# Tiger Shark Mount



## OUTCAST (Jan 5, 2013)

This was just before it was boxed and shipped.


----------



## 56willysnut (Jan 5, 2013)

Wow

How big was it?


----------



## new blood (Jan 5, 2013)

Awesome Chip! Is that your mount or one of your clients?What was measurements and weight? I don't think I ever sent you a pic my tiger shark mount from my charter with you. I'll try to remember to do it tomorrow and post it.


----------



## OUTCAST (Jan 6, 2013)

56willysnut said:


> Wow
> 
> How big was it?



Mounted quite a few this year, so I cant remember....but I think it was 11ft, 400lbs.


----------



## OUTCAST (Jan 6, 2013)

new blood said:


> Awesome Chip! Is that your mount or one of your clients?What was measurements and weight? I don't think I ever sent you a pic my tiger shark mount from my charter with you. I'll try to remember to do it tomorrow and post it.



Thanks Cal! 
Its from one of my charters from last summer. Dont quote me on it, but I think it was around 11ft, 400lbs. They were set on mounting a big shark. The first 4 were 8-10ft Lemons which were nice, and then this girl hit. 

I've never seen the one on your wall. Please email it or put it on here when you get a chance.
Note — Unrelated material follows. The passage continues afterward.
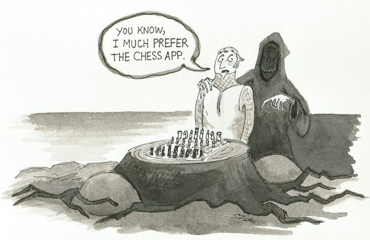 You may be familiar with the Monty Python bit found in the final act of “The Meaning of Life” in which “death” aka the Grim Reaper crashes a country cottage dinner party, or perhaps the segments featuring he (or rather, it) that are found in Woody Allen movies “Love and Death” and “Deconstructing Harry.” And whether you’ve seen the film or not, you are certainly familiar with the famous imagery in Ingmar Bergman’s “The Seventh Seal” showing a medieval knight partaking in a game of chess vs. the dark-cloaked one.

Hope you had a good New Years bud!


----------



## Bryannecker (Jan 6, 2013)

*Mounts add to any angler's home decor for sure!*

Very realistic!  
It looks like you do a number of species other than sharks?
Mounts add to every home of an avid angler.  I have about ten in my home and fishing lodge.  From a 14" Croaker to a 75 lbs Black Drum and a 40 lbs Striper.  I would have more if my wife would allow it, or if I could afford it, to tell the truth.   They just make for a better home for any angler.  Thanks for posting.
Capt. Jimmy


----------



## OUTCAST (Jan 6, 2013)

Thanks, Jimmy! 
The picture came from the taxidermist just before the sent it to my customer. I'm just the guide who put them on it. 
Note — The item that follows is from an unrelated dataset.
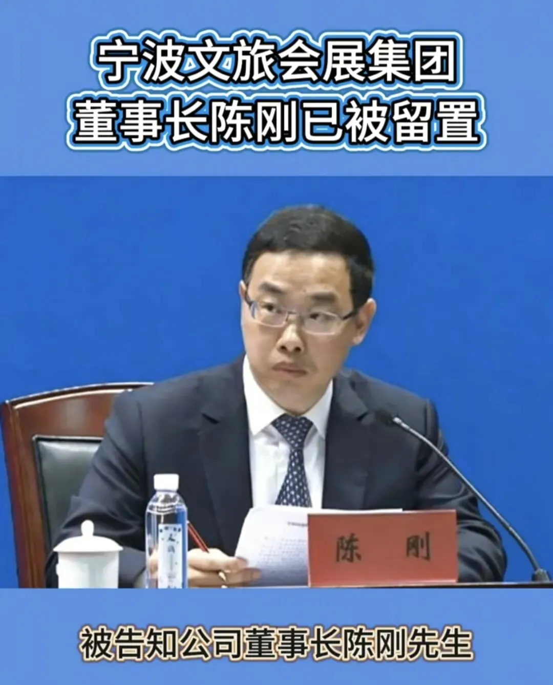 刚从上市公司公告里扒到的消息:宁波文旅会展集团党委书记、董事长陈刚,已经被监察机关依法留置了。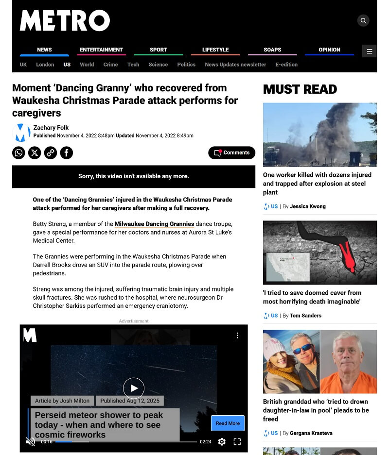 One year after the Waukesha Christmas Parade tragedy, Dancing Granny, Betty Streng dances again.

I completely agree with putting mounts on the wall. Each tell a little story, liven up the room and brag a little. And who in the world would rather have an artsy fartsy painting on the wall over a tarpon, sailfish or something memorable? Thanks again!


----------



## BornToHuntAndFish (Jan 6, 2013)

Way to go on a good job.


----------